A gritaria e agressões fizeram os amigos terem medo da noite. Apressaram os
passos e subiram uma ladeira que dá acesso ao Barbalho, já saindo na Estrada da
Rainha.
Andaram pela
Estrada da Rainha e lá na frente Jeff avistou dois homens sentados no canto da
rua, em um lugar escuro, só se via o reflexo e a fumaça do cigarro. Os dois
levantaram-se, um deles atravessou a rua, Jeff chamou atenção dos amigos:
– prestem
atenção. Ali tem dois caras e um deles está atravessando a rua.
– André, grande,
disse: que nada, maluco. Aqui tem quatro, lá só tem dois.
– Calma, André,
a gente não pode contra arma. Uma hora dessas sentado na rua, bem no escuro, só
pode ser marginal.
Saíram do canto
da rua e começaram a andar no meio da pista, idéia de João. Chegando perto, os
homens, com olhares nervosos deixaram passar os amigos, só disseram uma piada:
“Cuidado com a área do Zoto!” Foram andando sem olhar para trás e dobraram a
esquina da Baixa de Quintas.
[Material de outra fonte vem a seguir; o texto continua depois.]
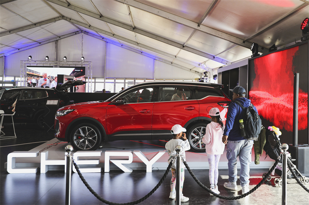 8月27日,在南非约翰内斯堡,参观者在奇瑞展厅参观展车。第6届约翰内斯堡汽车节于8月25日至27日举行,中国汽车品牌亮相汽车节,吸引了众多当地民众参观、体验。

Logo em seguida já estavam nos Dois Leões sentido
Rótula do Abacaxi. No meio do caminho, os quatro apreensivos, com medo, deram
vontade de fumar para acalmar os ânimos depois do susto que levaram. O cigarro
tinha acabado e só restava 50 centavos no bolso de Talles.
No meio do
caminho, um bar, com apenas uma janela aberta e alguns bêbados ingerindo
cachaça. Todos foram juntos ao bar, na chegada a recepção; olhares famintos,
sangue nos olhos, o semblante possuído, os gestos lentos. Pediram um único
cigarro e continuaram a caminhada. Dividiram um cigarro para os quatro. Cada um
dava uma tragada. Chegaram à Rótula do Abacaxi e finalmente na tão esperada
ladeira do Cabula. Subiram a ladeira, já na Avenida Silveira Martins viram
passar um ônibus da manutenção de alguma empresa de transporte coletivo. Talles
gritou, o motorista parou e deu carona para os quatro amigos até a entrada da
Mata Escura, a alguns metros do Conjunto dos Pássaros. Chegaram em casa, e tudo
que passou foi motivo de risos para querer mais. Deram risadas, apertaram as
mãos e disseram: outro dia tem mais.